Это было уж слишком, и она едва не разлетелась вдребезги. Он развел ее несопротивляющиеся бедра, и холодный пластик фонарика оледенил их внутреннюю сторону.
– Само совершенство, – прошептал он, наглядевшись вволю.
И после этого были одни ощущения. Пальцы, разделявшие складки и проникшие внутрь. Ищущие губы. Ее собственные руки, исследующие все, чего она так долго хотела коснуться, погладить и взвесить на ладони.
Ее маленькое тело приняло его. Приняло с усилием. Но он все же наполнил ее.
Нежный мускус и шероховатый бархат.
Они двигались в унисон.
Фонарик упал на пол.
Он вошел глубоко, вышел и снова вошел.
Она изгибалась, требовала, отвечала выпадом на выпад... и наконец сдалась.
Заниматься любовью без санитарных удобств в доме было далеко не так романтично, как казалось раньше.
– Интересно, как обходились пионеры? – пожаловалась она. – Мне нужно в ванную.
– Воспользуемся твоей футболкой. Завтра сможешь ее сжечь. Пожалуйста, Господи.
– Если скажешь еще хоть слово о моей футболке...
– Давай ее сюда.
– Эй, смотри, куда...
Она задохнулась, когда он крайне изобретательно использовал ее футболку.
Второй раз ей тоже не удалось оказаться наверху, зато на третий она сумела изменить расстановку сил. Вернее, поскольку завладела фонариком, то и вообразила, что сумела изменить расстановку сил. Но, по правде говоря, в голове стоял туман, и теперь уже трудно было понять, кто кого ублажает и на чьей стороне перевес. Одно было ясно: больше ей не дразнить его песенкой «Автогонщик».
Они задремали. Ее узкая кровать в глубине кибитки была слишком коротка для Дина, но он все равно остался и спал, обняв ее за плечи.
Блу проснулась очень рано и перелезла через Дина, стараясь не разбудить. Повинуясь приливу непрошеной нежности, она на секунду задержалась, чтобы еще раз посмотреть на него.
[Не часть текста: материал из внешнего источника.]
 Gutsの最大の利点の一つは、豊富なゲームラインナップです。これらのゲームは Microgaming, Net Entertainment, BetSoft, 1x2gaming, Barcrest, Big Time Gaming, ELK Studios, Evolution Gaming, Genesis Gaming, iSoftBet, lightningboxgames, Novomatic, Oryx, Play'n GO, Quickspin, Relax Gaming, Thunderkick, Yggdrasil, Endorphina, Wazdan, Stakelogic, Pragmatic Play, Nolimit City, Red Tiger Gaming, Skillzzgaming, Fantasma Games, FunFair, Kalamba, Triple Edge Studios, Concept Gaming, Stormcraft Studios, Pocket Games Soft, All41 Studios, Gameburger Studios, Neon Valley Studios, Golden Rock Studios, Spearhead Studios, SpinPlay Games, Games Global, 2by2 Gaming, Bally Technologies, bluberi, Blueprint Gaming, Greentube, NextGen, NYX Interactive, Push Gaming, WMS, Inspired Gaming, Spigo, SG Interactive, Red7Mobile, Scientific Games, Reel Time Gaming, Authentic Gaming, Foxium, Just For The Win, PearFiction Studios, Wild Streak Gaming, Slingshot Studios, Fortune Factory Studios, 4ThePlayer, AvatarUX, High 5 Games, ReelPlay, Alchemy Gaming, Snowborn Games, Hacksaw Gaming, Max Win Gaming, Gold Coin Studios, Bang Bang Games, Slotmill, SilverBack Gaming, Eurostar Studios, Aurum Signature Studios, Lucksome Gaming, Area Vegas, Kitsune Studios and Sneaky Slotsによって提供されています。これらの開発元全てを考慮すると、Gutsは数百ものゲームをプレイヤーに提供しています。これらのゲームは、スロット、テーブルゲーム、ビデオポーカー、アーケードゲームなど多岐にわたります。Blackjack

Утренний свет омывал его спину, выхватывая из полумрака бугры мышц и гребни сухожилий. Всю свою жизнь ей приходилось довольствоваться вторым сортом. Но не прошлой ночью.
Она подхватила одежду и направилась к дому, где потратила считанные минуты на душ и туалет. Натянула джинсы и футболку и сунула в карман кое-какие вещи, без которых не могла обойтись.
Выйдя во двор, она глянула в сторону кибитки. Странно, но Дин оказался тем бескорыстным и дерзким любовником, о котором она всегда мечтала.
Блу ни на секунду не жалела о прошедшей ночи. Но теперь мечтам пришел конец.
Она вывела из сарая велосипед поменьше и выехала на шоссе. Каждый холм казался горой, и задолго до того, как она подъехала к городу, легкие уже горели от недостатка воздуха. К тому времени, как она поднялась на последнюю вершину и стала спускаться в Гаррисон, ноги превратились в переваренные макаронины.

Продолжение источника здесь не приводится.